- **Information supplied**:
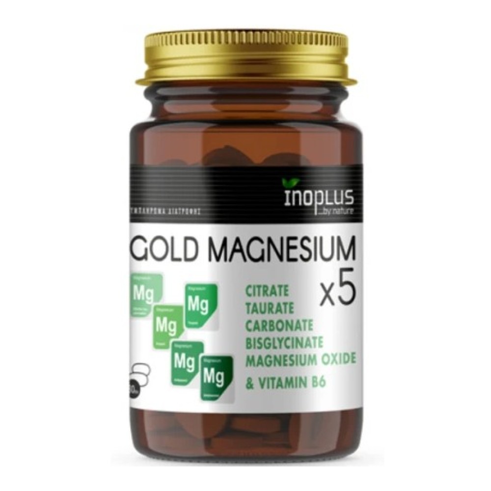 Inoplus Gold Magnesium x5 για την Καλή Λειτουργία των Μυών & του Νευρικού Συστήματος, 30 Δισκία
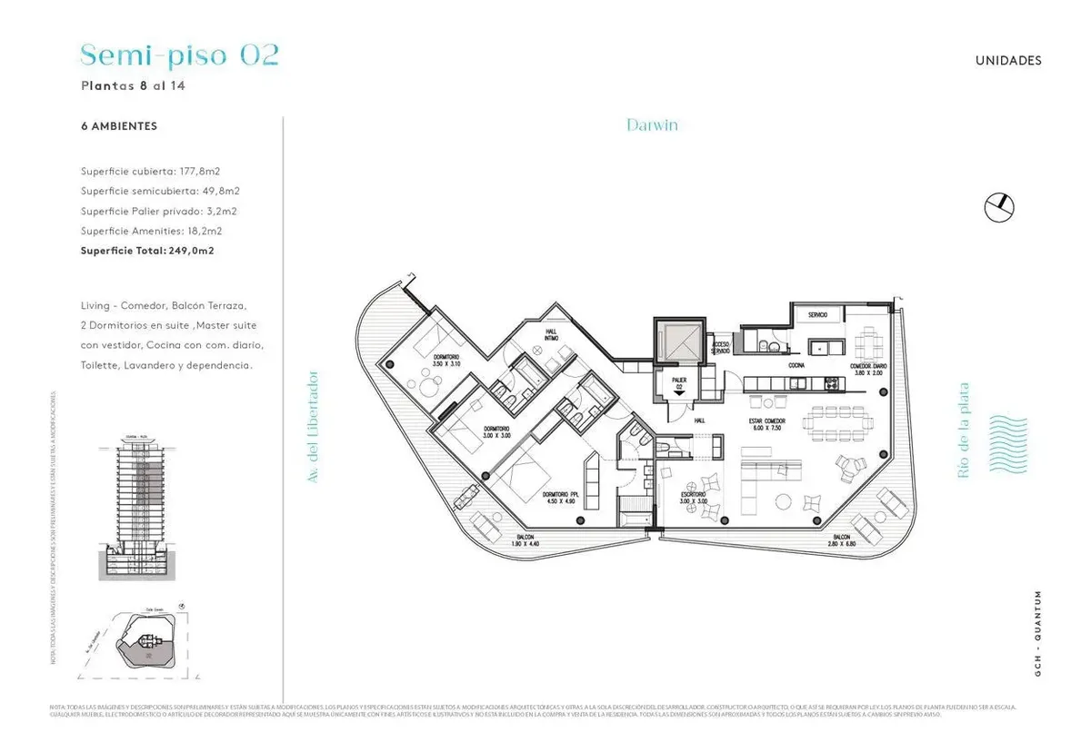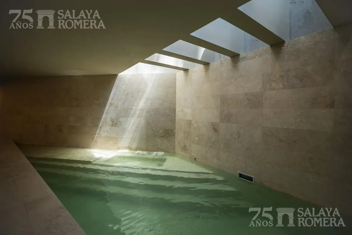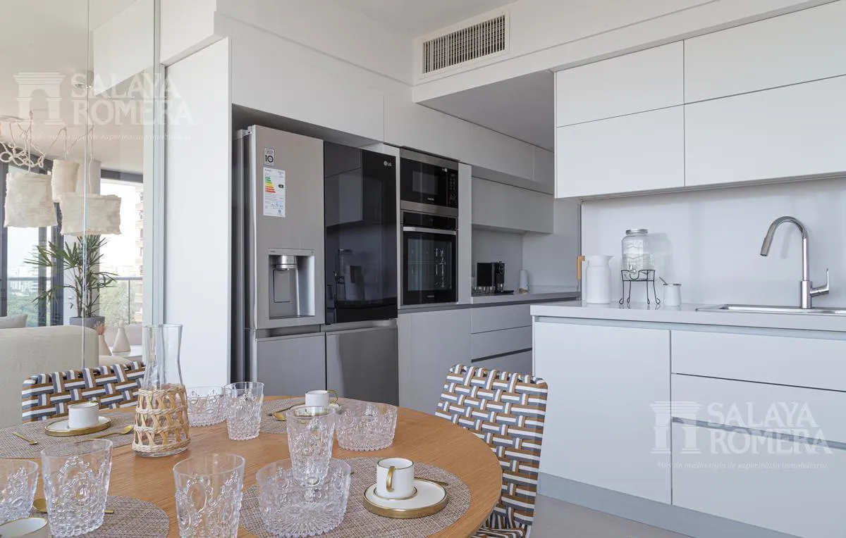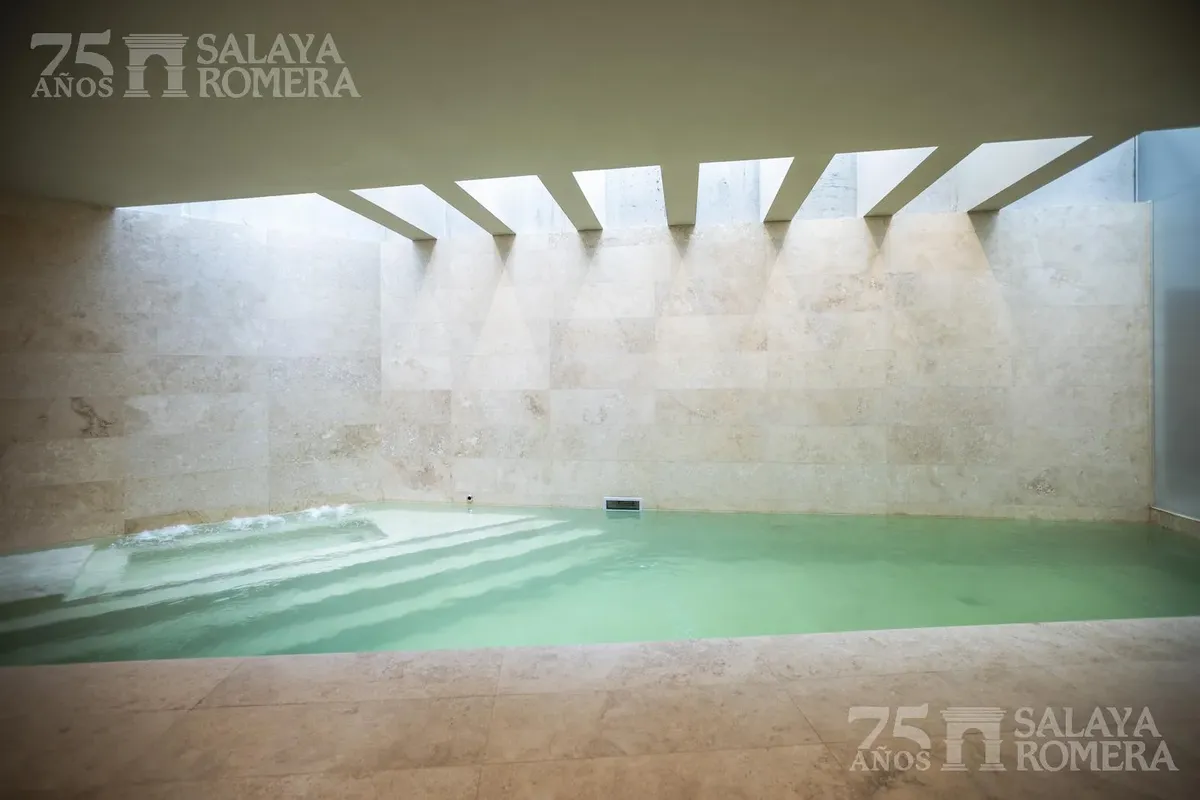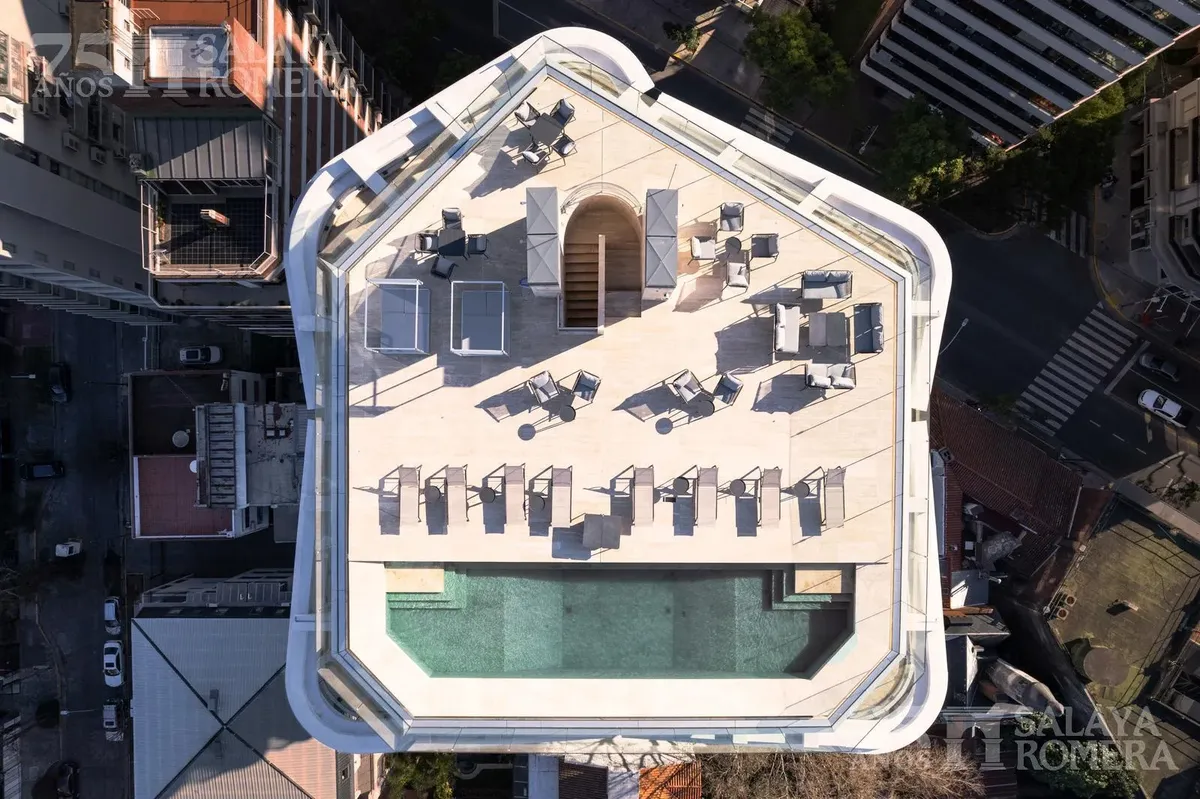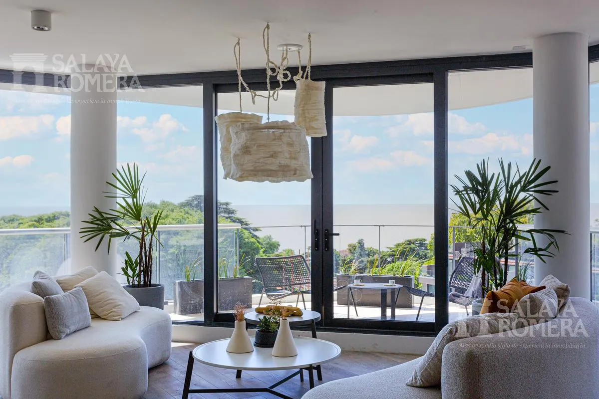 Полуэтажная квартира 5 комнат в La Lucila на высоком этаже, с отдельным лифтовым холлом (palier privado). Окна выходят на Río de la Plata и город. Квартира сдаётся новой (a estrenar), с мебелью для въезда: установлены светильники и шторы. В планировке есть master suite, 2 спальни с собственными ванными комнатами и встроенными шкафами, а также отдельная зависимость с собственным санузлом. Есть две зоны отдельного входа в кухню: отдельная кухня с обеденной зоной, кладовая/прачечная (lavadero) и за
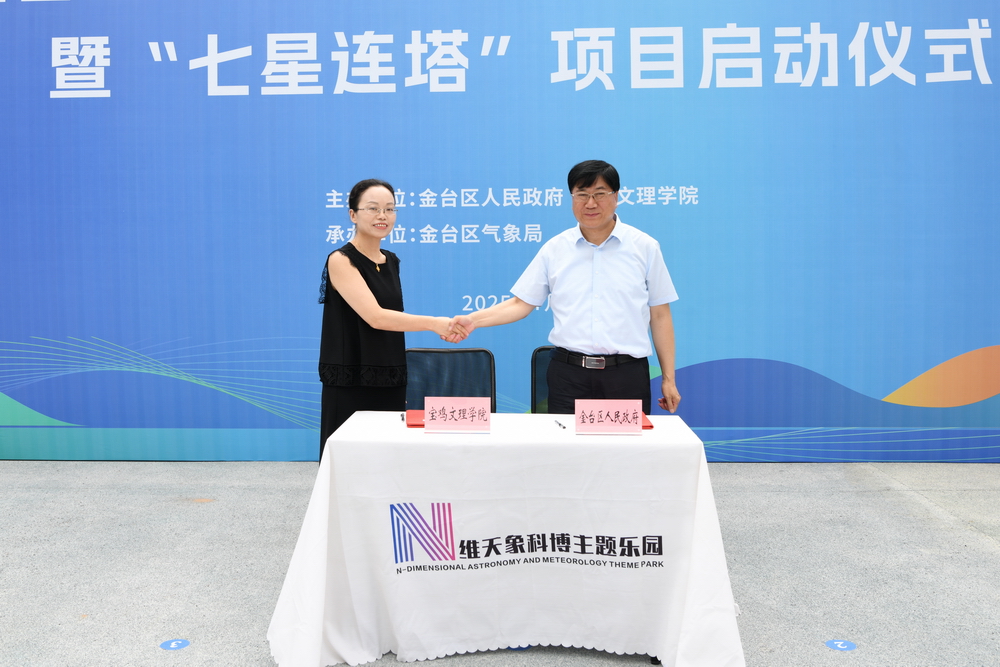 金台区副区长、中山西路街道党工委书记刘玮,金台区气象局局长李卫忠与我校地理与环境学院、外国语学院、经济管理学院等签订《N维天象科博主题乐园整体规划与设计》《N维天象科博主题乐园多语种宣传推广项目》《“星穹奇遇”情感化IP品牌系统研发与构建》《N维天象科博主题乐园争取政府项目可行性研究报告编制》等4个横向项目合同协议书,合同金额共计110万元。我校其余16个二级学院策划设计的29个合作项目协议正在磋商中。

- **What you should do**:
Leave out every picture and copy verbatim the lines running from the line containing "Полуэтажная квартира 5" through the final line of the data.

- **Your response**:
 Полуэтажная квартира 5 комнат в La Lucila на высоком этаже, с отдельным лифтовым холлом (palier privado). Окна выходят на Río de la Plata и город. Квартира сдаётся новой (a estrenar), с мебелью для въезда: установлены светильники и шторы. В планировке есть master suite, 2 спальни с собственными ванными комнатами и встроенными шкафами, а также отдельная зависимость с собственным санузлом. Есть две зоны отдельного входа в кухню: отдельная кухня с обеденной зоной, кладовая/прачечная (lavadero) и за
 金台区副区长、中山西路街道党工委书记刘玮,金台区气象局局长李卫忠与我校地理与环境学院、外国语学院、经济管理学院等签订《N维天象科博主题乐园整体规划与设计》《N维天象科博主题乐园多语种宣传推广项目》《“星穹奇遇”情感化IP品牌系统研发与构建》《N维天象科博主题乐园争取政府项目可行性研究报告编制》等4个横向项目合同协议书,合同金额共计110万元。我校其余16个二级学院策划设计的29个合作项目协议正在磋商中。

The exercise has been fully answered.